Confirmation of a serious debate on the issue comes from a BBC report that a group of Chinese scholars have criticised their country’s “unprecedented conceit and arrogance”, and called for greater allegiance to universal values.
Public discussion of such issues in China is tightly restricted: anyone wanting to promote reform has to either be very careful or have powerful patrons within the Communist Party hierarchy (General Liu is political commissar of the National Defence University). Political dissent is a dangerous business.
But what’s our excuse? How can it be that the prospects of democratisation in China receive less discussion in free and democratic Australia than they do in China itself?
This is going to be the biggest story in our part of the world in coming decades, bar none. How will political reform come to China: will it be gradual or sudden, peaceful or violent? How deep will the economic trauma be? Will decolonisation snowball into fragmentation, or will a militaristic backlash engulf China’s neighbors?
General Liu may be unduly optimistic when he says that “in the coming 10 years, a transformation from power politics to democracy will inevitably take place”, but there is no room for doubt that some sort of transition is on the way, and it would be idle to expect that Australia can remain unaffected.
Australia’s media and politicians ceaselessly remind us, with good cause, of how deeply our economic prosperity is tied up with China, but the coverage never scratches the surface of what that means.
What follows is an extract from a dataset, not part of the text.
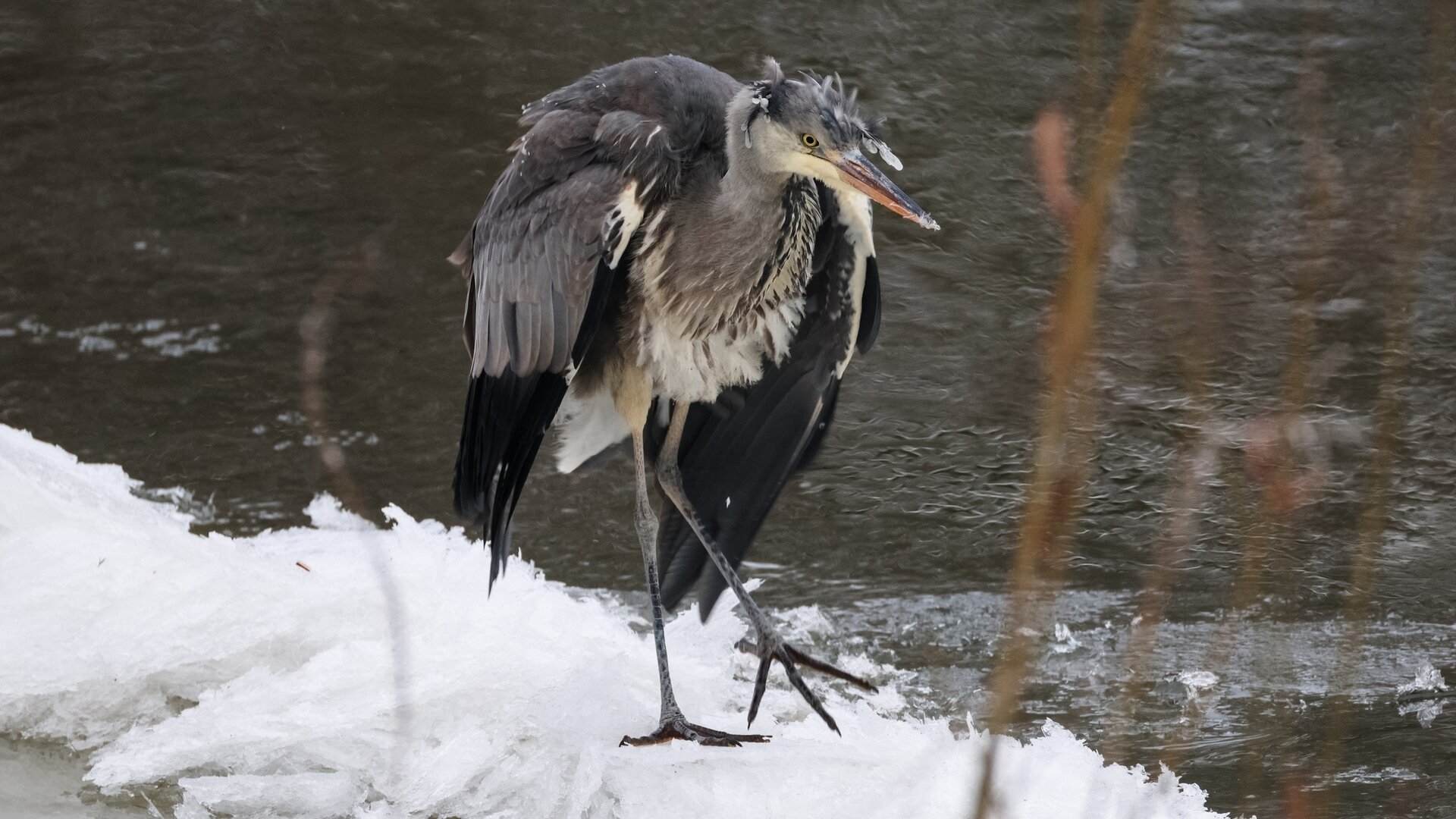 «Непростое время, — пишет Таркин у себя в блоге. — Но, судя по бравому настроению, крохалям всё нравится, игриво ныряют под воду в поисках рыбы. Вот у цапли внешний вид изнемождённый, часами терпеливо пасёт малька, сегодня ей тяжелее всего».
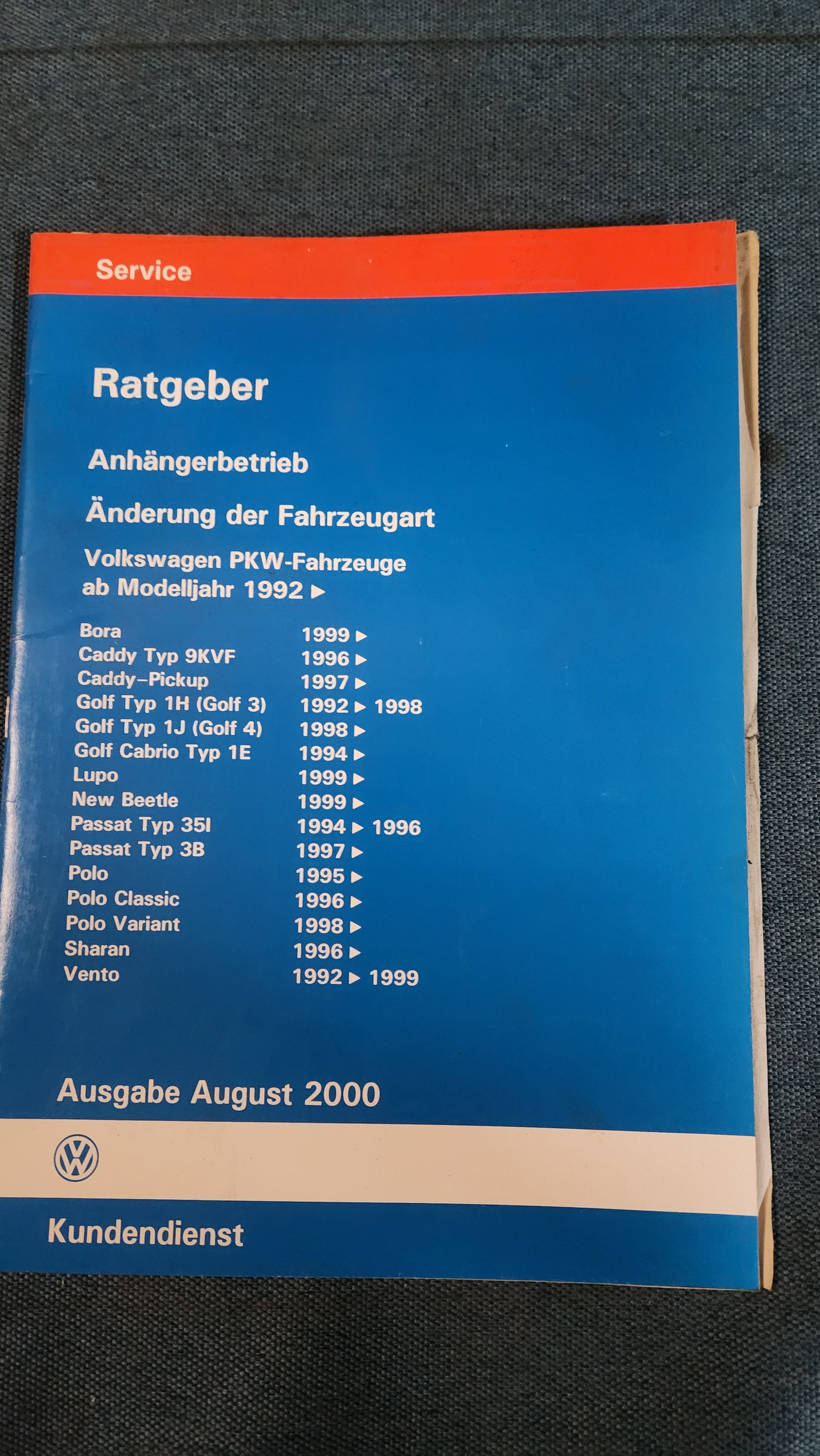 Ratgeber Anhängerbetrieb Bora Golf 3/4 Caddy 9KV Passat B3 35I 3B Polo 6N Vento Werkstattbuch Reparaturleitfaden

Instead it gives every impression that China is a normal country like any other, rather than a dictatorship with a precarious future.
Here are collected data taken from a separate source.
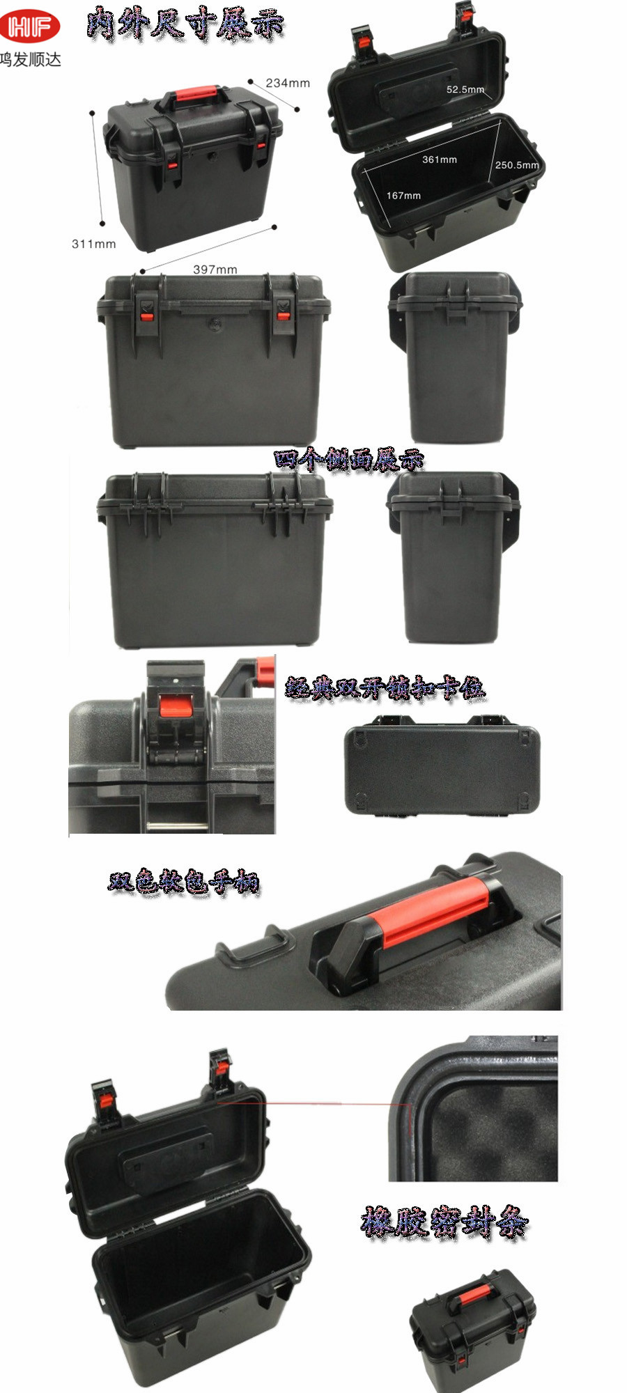 簡要說明:廣泛用于傳媒、公安、消防、軍隊、航空、戶外攝影、野外考察、科學探測等眾多領域的高端儀器、儀表。具有高強度、高抗壓沖擊、防潮、絕對密封、防塵、防水等特點。產(chǎn)品材質:ABS原料,箱體采用高抗沖擊的高分子聚合材料一體注塑成型,密封采用扁型彈性發(fā)泡密封橡膠條,確保防水氣密,所有較軸均采用不銹鋼材質。
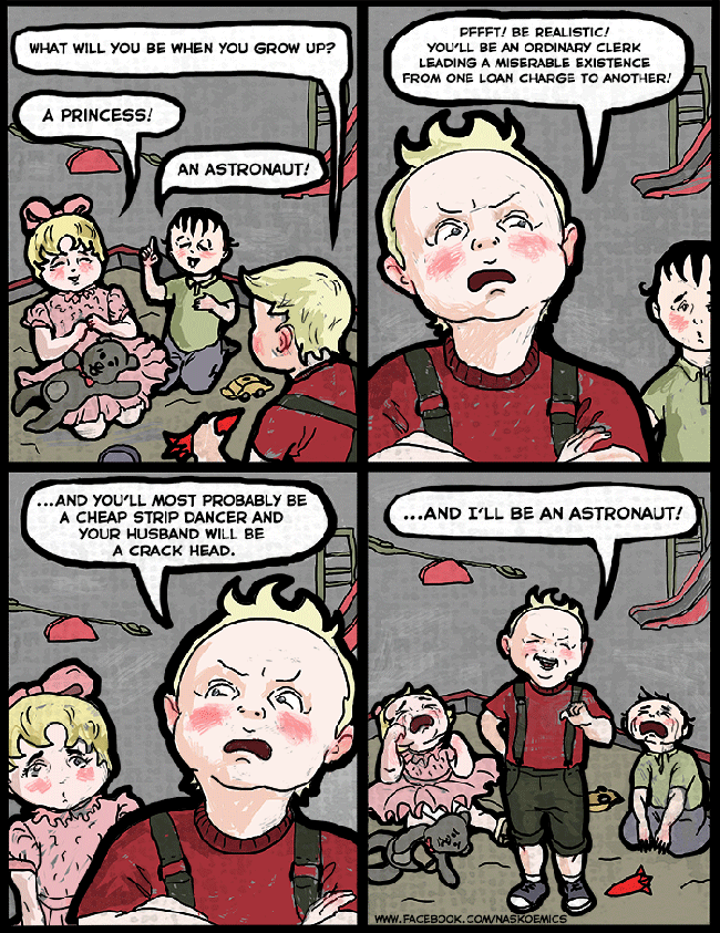 Or you’ll be an asshole working a 9-5 job and mumbling about your lost dreams and the only thing that will be building your confidence is tearing down others.
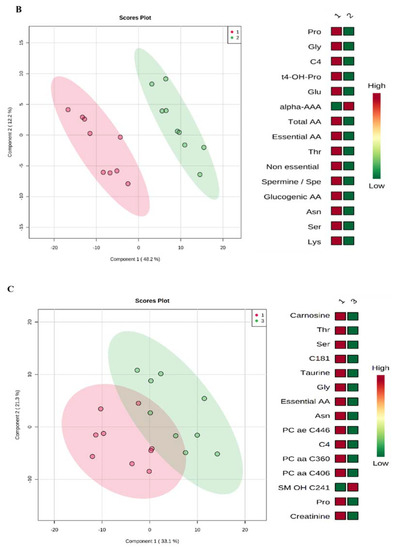 For metabolomics analysis, two separate analytical methods were employed to identify discriminant metabolites—multivariate and univariate analyses. These analyses were performed using MetaboAnalyst v4.0 (http://www.metaboanalyst.ca). The classification method was based on partial least squares discriminant analysis (PLS-DA). Values of variable importance in projection [20] represent the importance of the metabolite for the PLS-DA models. The score scatter plots show the classified samples, and the loading plot characterizes the relation between the Y and X variables. For each analysis, the standard, default parameters of MetaboAnalyst were applied. The univariate analysis of metabolite levels was based on the fold-change (FC) values and the threshold of significance (p < 0.1) after a non-parametric Wilcoxon test (volcano plot), while the multivariate analysis of metabolites depended on the accuracy of the variable importance in the projection (VIP). Therefore, the metabolites that had VIP values > 1 of the multivariate analyses and those that were determined by an FC > 2 (for each comparison) with p < 0.1 of the univariate analyses were retained as the most relevant for further discussion [21,22].
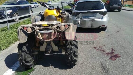 Необычное ДТП произошло во Владивостоке субботним днем. Как сообщает инстаграм-паблик dps.control, в районе дома №275а по улице Калинина квадроцикл врезался в заднюю часть легкового автомобиля.
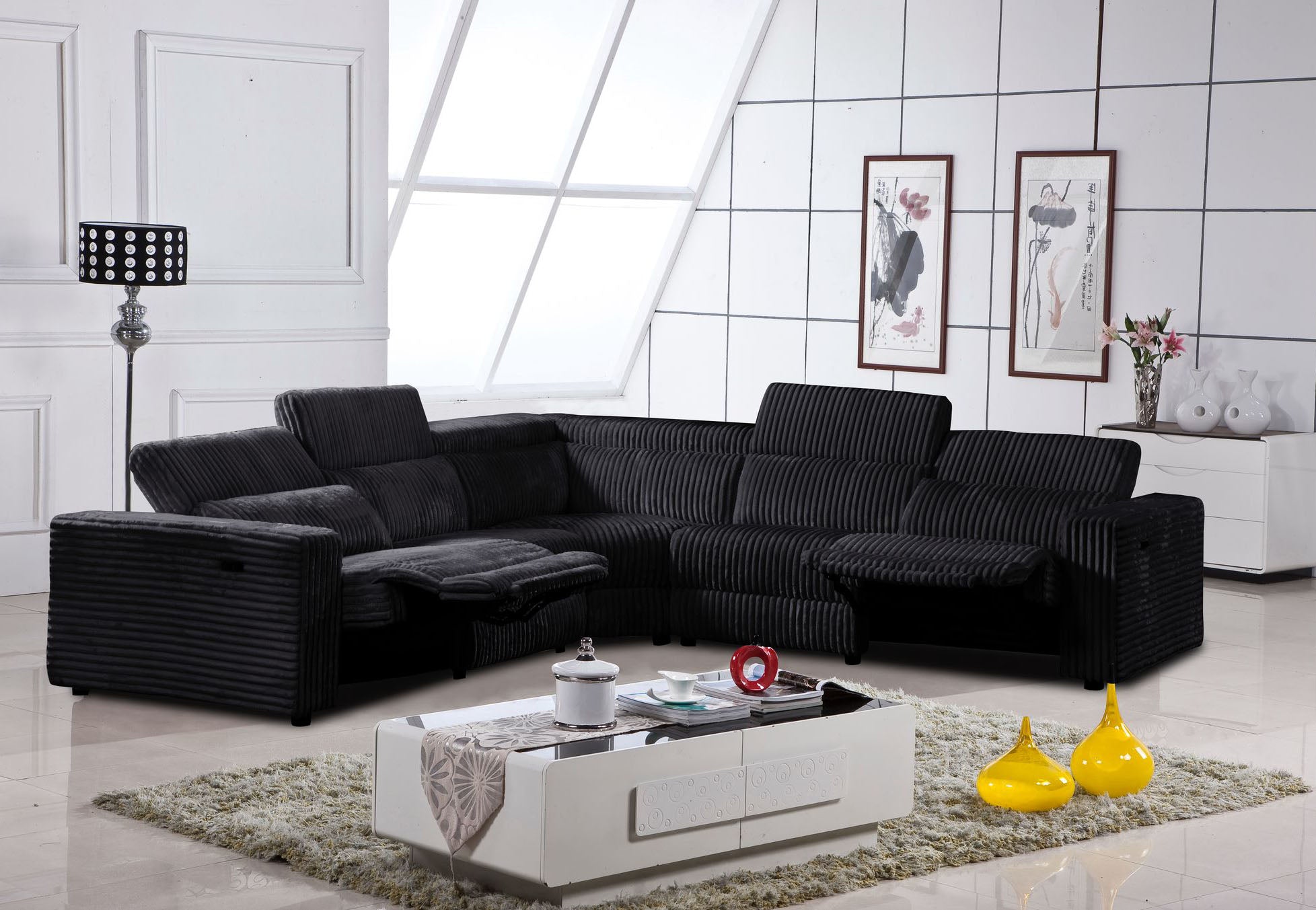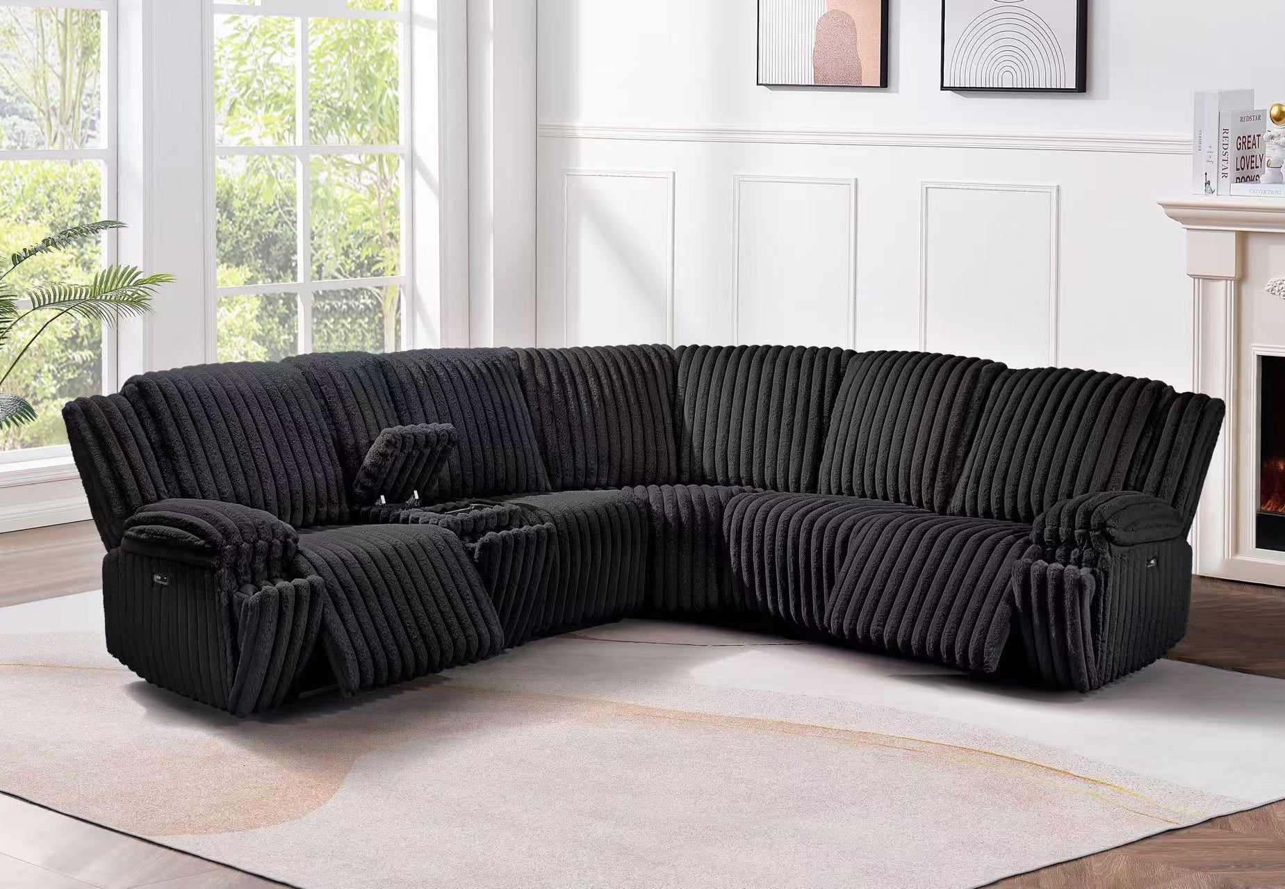 This product is a contemporary black sectional recliner sofa, designed for both style and comfort. Upholstered in plush, ribbed fabric, it features generously padded seats, backrests,...

Our politicians would offer the excuse that it would be bad for business to offend China’s leaders — ignoring the fact that moral cowardice is not a good way to earn respect. It is also short sighted, since the next generation of Chinese leaders might not appreciate our present attitude: having been on first-name terms with General Suharto, for example, is not much of a ticket to influence in today’s Indonesia.
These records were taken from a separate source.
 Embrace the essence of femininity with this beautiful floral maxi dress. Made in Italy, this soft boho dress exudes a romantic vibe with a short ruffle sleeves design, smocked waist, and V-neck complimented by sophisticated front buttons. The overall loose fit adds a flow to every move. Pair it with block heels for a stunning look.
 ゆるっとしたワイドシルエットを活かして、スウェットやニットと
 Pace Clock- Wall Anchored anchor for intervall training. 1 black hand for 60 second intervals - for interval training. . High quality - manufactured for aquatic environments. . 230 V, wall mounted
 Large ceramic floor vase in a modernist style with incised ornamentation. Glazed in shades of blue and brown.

But just as with the hollowness of our present election campaign, the media are the enablers in this. Instead of offering their own analysis, or at least calling some of the politicians to account, they join them in burying their heads in the sand.
In fact, media and politicians share the same fundamental flaws. They are chronically short-term in their focus, being unable to look beyond (at best) the next election, and rarely beyond the next day’s headlines. They are disinclined, whether through incompetence or lack of interest, to examine deep issues. And they worship power: their focus rarely moves from the people at the top to embrace the outsiders and the proponents of change.
Public dissatisfaction with the election coverage has been given a serious voice in a few places by critics such as Crikey’s Guy Rundle, so maybe pressure will eventually mount for change. But if turmoil in China is just around the corner, the failings of our political and media culture will be even more dramatically revealed.